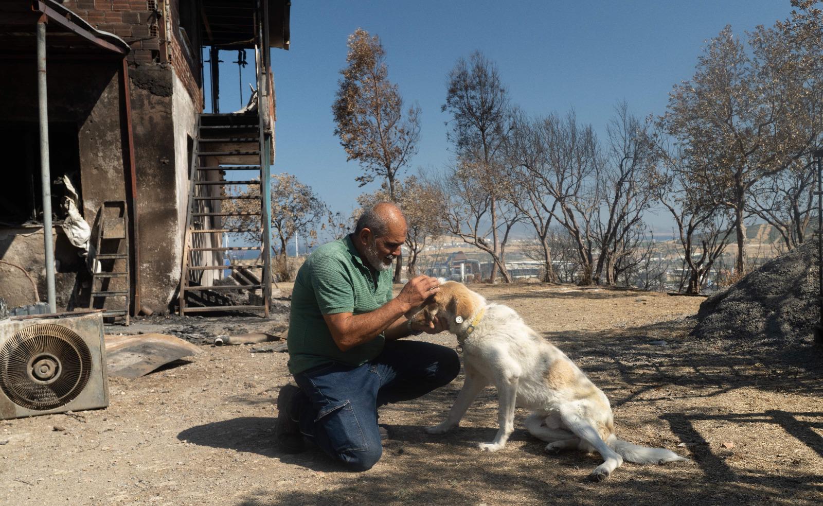 Kaptan'a kavuşunca büyük bir mutluluk yaşayan Fikri Altınkaya, “Neredesin sen? Hoş geldin oğlum. İyi misin?” diyerek köpeğe sarıldı. Altınkaya, “Yangının çıktığı gün ben onu yuvasından çıkardım. Aldım götürdüm. Ama geri kaçtı. Gece birisi görmüş, almış top sahasına bırakmış ama o eve gelmiş. Patileri yandı ama burayı terk etmedi. Sağ olsun İzmir Büyükşehir Belediyesi yetkilileri kedilerimizi, köpeklerimizi alıp tedavi etti. Aşılarını ve bakımlarını yaptı. Hepsine teşekkür ediyorum” diye konuştu.
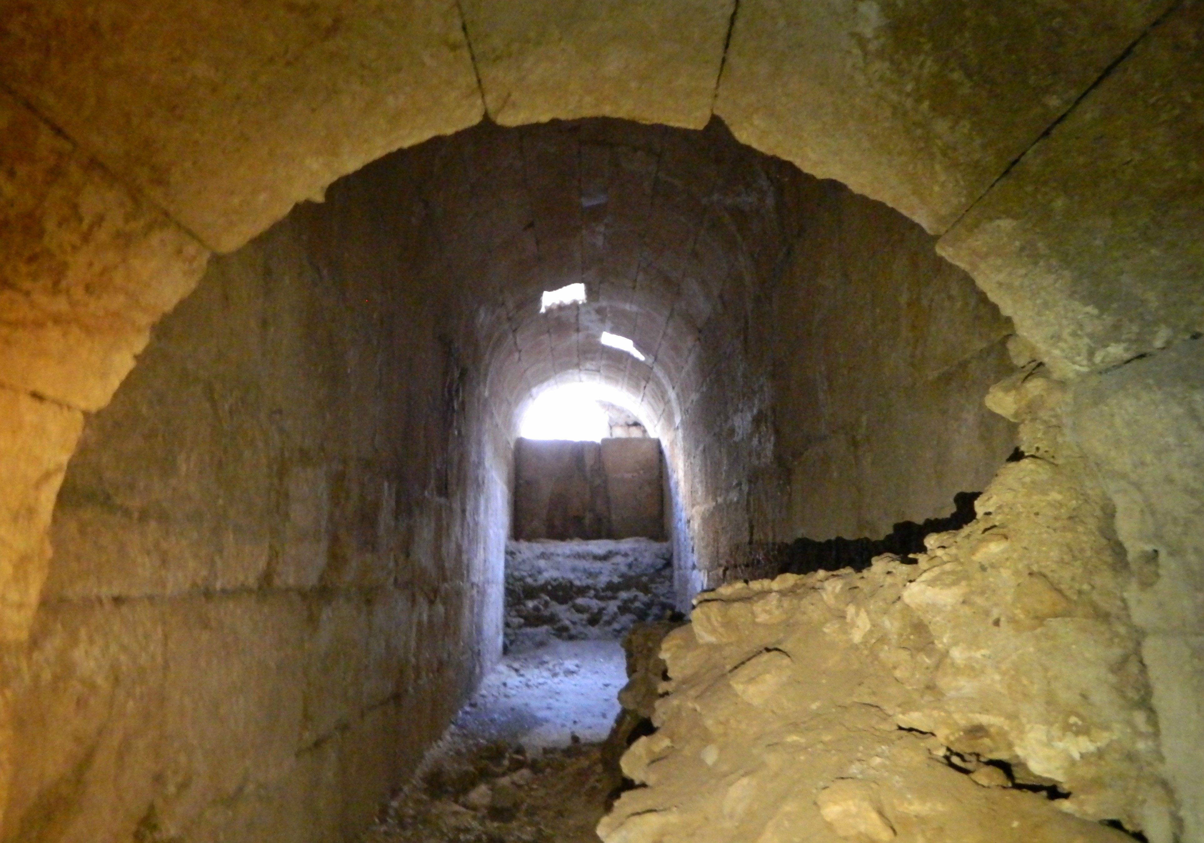 I noted the clay piping, reminding me of Montfort Castle up near my home in the Galilee, as well as many stone creations that I have yet to learn to identify. I circled the inside of the ruined castle, and wondered what a particular gap in the construction was, a veritable hole in the ground. I naturally assumed it was a water reservoir, as is common with fortifications. But I soon found that I was wrong, as there were stairs leading down to a Roman bathhouse. Within its dark, vaulted chambres I found my answer, and gazed up at the sunlight streaming in through the very hole I questioned. Illuminating my path with my cellphone’s flashlight I toured the underground ruins, having a brief run-in with a startled pigeon.
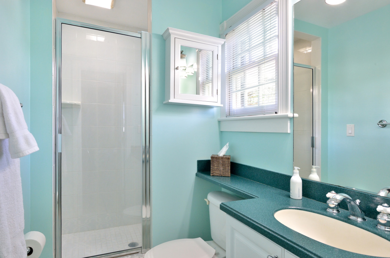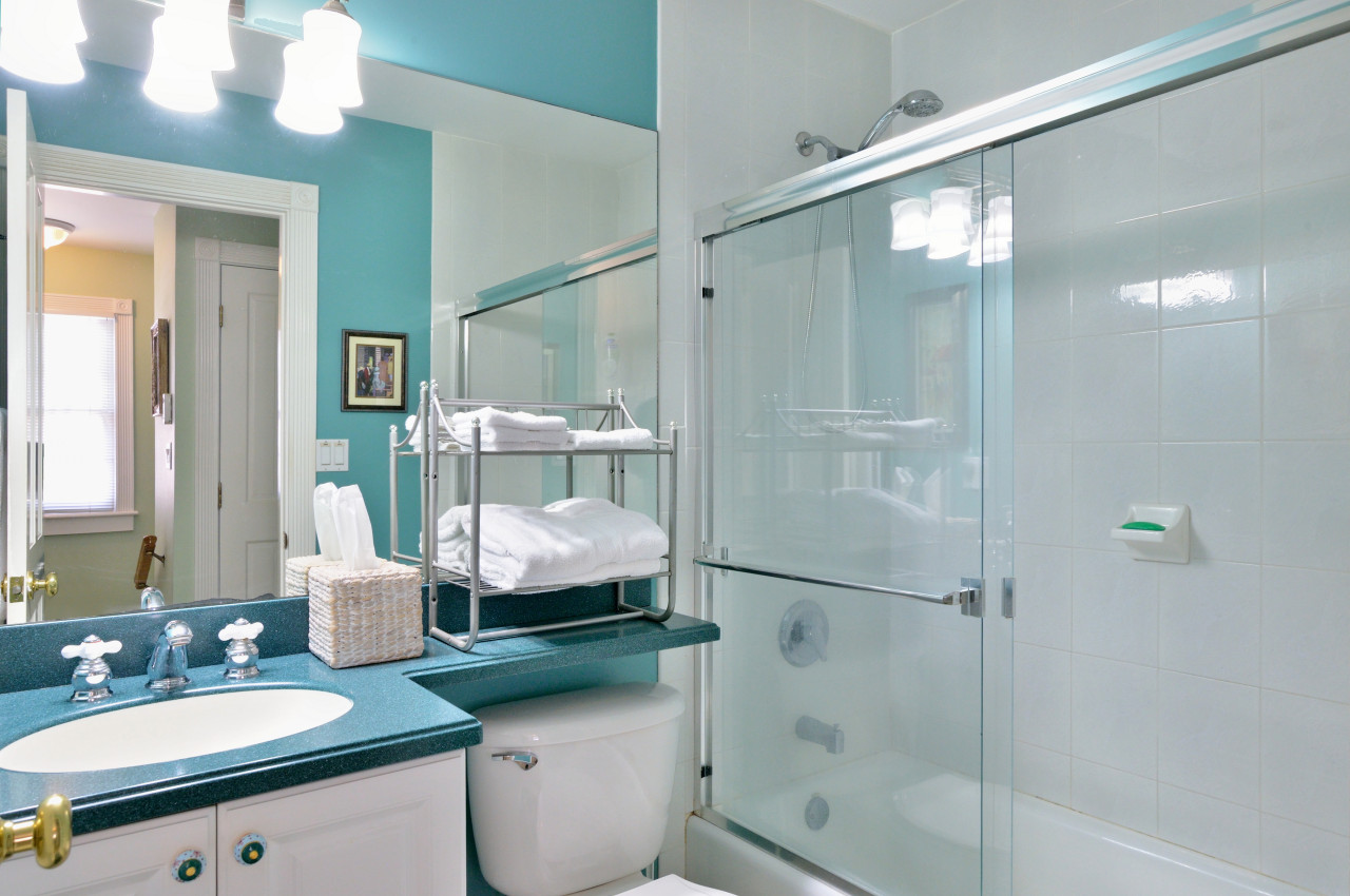 Next, we look at the en-suite master bathroom, accessed on the opposite side of the room from the porch. The white tiled shower with glass door, is double-sized, and there is plenty of vanity space for primping. Keeping the décor consistent with the other bathrooms in the house, it’s built with a teal blue vanity top and walls are painted a soft turquoise and trimmed in white.

◇ ◇ ◇

• **EXERCISE OBJECTIVE**: Repeat the data word for word. Skip the pictures.

• **SOLUTION FOR THIS EXERCISE**:
 Kaptan'a kavuşunca büyük bir mutluluk yaşayan Fikri Altınkaya, “Neredesin sen? Hoş geldin oğlum. İyi misin?” diyerek köpeğe sarıldı. Altınkaya, “Yangının çıktığı gün ben onu yuvasından çıkardım. Aldım götürdüm. Ama geri kaçtı. Gece birisi görmüş, almış top sahasına bırakmış ama o eve gelmiş. Patileri yandı ama burayı terk etmedi. Sağ olsun İzmir Büyükşehir Belediyesi yetkilileri kedilerimizi, köpeklerimizi alıp tedavi etti. Aşılarını ve bakımlarını yaptı. Hepsine teşekkür ediyorum” diye konuştu.
 I noted the clay piping, reminding me of Montfort Castle up near my home in the Galilee, as well as many stone creations that I have yet to learn to identify. I circled the inside of the ruined castle, and wondered what a particular gap in the construction was, a veritable hole in the ground. I naturally assumed it was a water reservoir, as is common with fortifications. But I soon found that I was wrong, as there were stairs leading down to a Roman bathhouse. Within its dark, vaulted chambres I found my answer, and gazed up at the sunlight streaming in through the very hole I questioned. Illuminating my path with my cellphone’s flashlight I toured the underground ruins, having a brief run-in with a startled pigeon.
 Next, we look at the en-suite master bathroom, accessed on the opposite side of the room from the porch. The white tiled shower with glass door, is double-sized, and there is plenty of vanity space for primping. Keeping the décor consistent with the other bathrooms in the house, it’s built with a teal blue vanity top and walls are painted a soft turquoise and trimmed in white.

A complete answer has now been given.